Fabian Boerger
· 20.05.2025
Un léger crépitement se fait entendre lorsque Jani Vahto chauffe la surface laquée du pont en acajou à l'aide d'une spirale chauffante. Quelques secondes suffisent pour que la surface autrefois dure commence à fondre comme du sirop. De petites bulles se forment et leur nombre augmente rapidement. Mais cet état ne dure que peu de temps : d'un geste décidé, le jeune Finlandais tire une lame tranchante sur la surface délicatement bouillonnante, dévoilant un autre morceau de bois brun rougeâtre.
Le simple fait d'observer ce processus monotone et répétitif est déjà apaisant. Chauffer, bouillonner, gratter. Chauffer, faire des bulles, gratter. C'est satisfaisant - sans que l'on y participe directement. Car ce court extrait est l'un des centaines de reels - de courts clips vidéo divertissants - que le jeune Finlandais a tournés et postés pour son compte sur Instagram.
Outre des aperçus des travaux typiques de la construction navale traditionnelle, on y trouve également de nombreuses autres impressions du monde des classiques : des prises de vue d'élégants yachts de la classe des mètres qui glissent majestueusement à travers l'archipel finlandais. Une autre scène montre un ponton rempli de bateaux classiques en bois fraîchement vernis qui brillent sous le soleil d'été. Toutes ces impressions ont un effet rafraîchissant.
Ils sont comme un baume pour l'âme dans le flux incessant de courts clips qui inondent désormais les réseaux sociaux. Les vidéos se distinguent de la masse et touchent manifestement une corde sensible chez les spectateurs. Des milliers de personnes aiment ces vidéos ; plus de 140.000 personnes suivent le jeune Finlandais sur Instagram. Son compte compte aujourd'hui "classicboatsfinland" parmi les plus grands points de contact pour les amateurs de bateaux classiques - qu'il s'agisse de voiliers ou de yachts à moteur - que l'on trouve sur la plate-forme. "Tous les efforts, l'amour du métier et la passion - je pense que cela se voit dans les vidéos", dit Vahto. Selon lui, cela interpelle aussi les personnes qui n'ont en fait que peu de choses à voir avec les bateaux restaurés. "Eux aussi reconnaissent la beauté et la particularité de ces projets".
Mais ce n'est pas seulement dans l'espace numérique que la vie de ce jeune homme de 32 ans est marquée par le vieux bois et le vernis frais. Les bateaux classiques occupent une grande partie de sa vie. Une visite à son domicile permet de s'en rendre compte rapidement. Il se trouve à Turku, la plus ancienne ville de Finlande, à environ deux heures de route de la capitale Helsinki. Un entrepôt situé à quelques kilomètres du centre-ville est l'un des nombreux endroits où sont entreposés certains de ses trésors. Sur le site d'une gravière locale, une poignée de voitures classiques en bois sont alignées sur une surface équivalente à deux terrains de tennis.

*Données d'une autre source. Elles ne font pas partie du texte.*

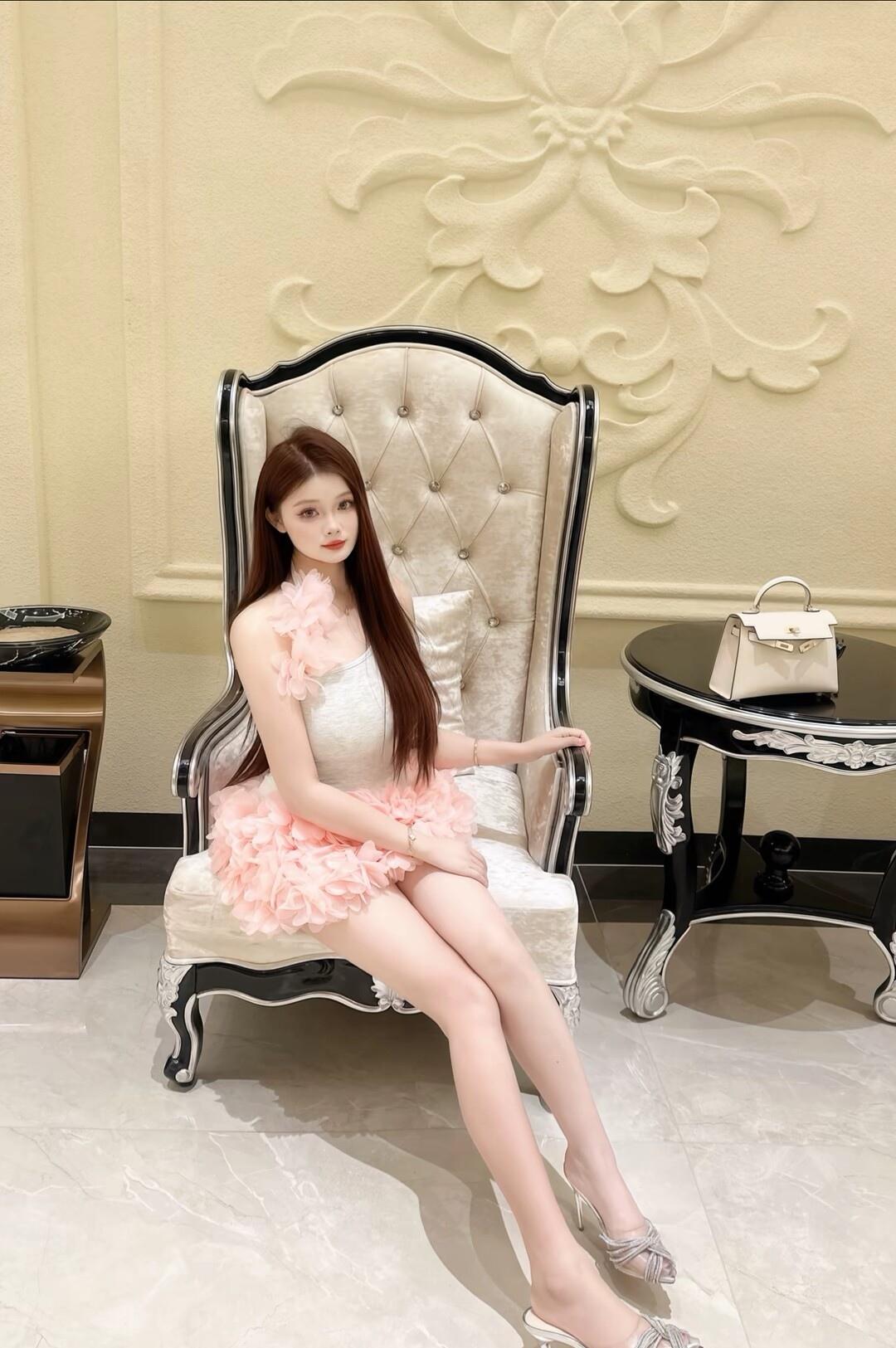 优雅少女心,粉色花裙坐复古椅,美得令人窒息!🌸👗👠
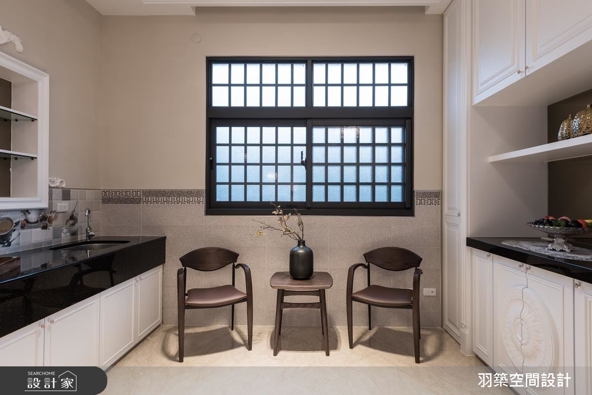 公領域以電視牆作為機能界線,保留了一小塊備餐區域,採以方正窗型詮釋東方韻味,搭配古樸家具與花藝陳列,打造出有別於客廳主調的內斂風景!
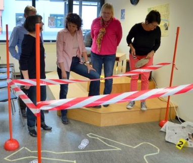 mit Schülern einen Tatort mit Spurensicherung aufgebaut. In
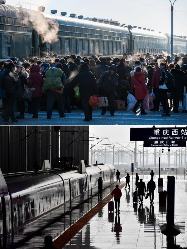 这是一张拼版照片,上图:2016年1月31日,在内蒙古呼伦贝尔根河火车站,当地群众乘车回家(新华社记者连振摄);下图:2018年2月12日,重庆西站的站台上,一列动车组准备发车(新华社记者刘潺摄)。

Ça sent les solvants. Des baguettes en bois, des étaux, des pièces de bateau en tout genre, des pinceaux et de vieux pots de peinture sont posés sur des tables d'appoint ou entreposés entre les bateaux. Des pièces en laiton poli sont alignées sur des étagères en fer à plusieurs niveaux. Des taquets, des boutons de porte, des supports pour les hampes de drapeau ou les tringles à rideaux. La coque de l'un des bateaux est masquée, une bâche est posée en dessous. La surface des planches a des reflets huileux. "Il ne faut surtout pas y toucher, ça fait un bazar infernal", dit Vahto en expliquant que les bois sont imprégnés d'une teinture spéciale pour les rendre résistants à l'eau.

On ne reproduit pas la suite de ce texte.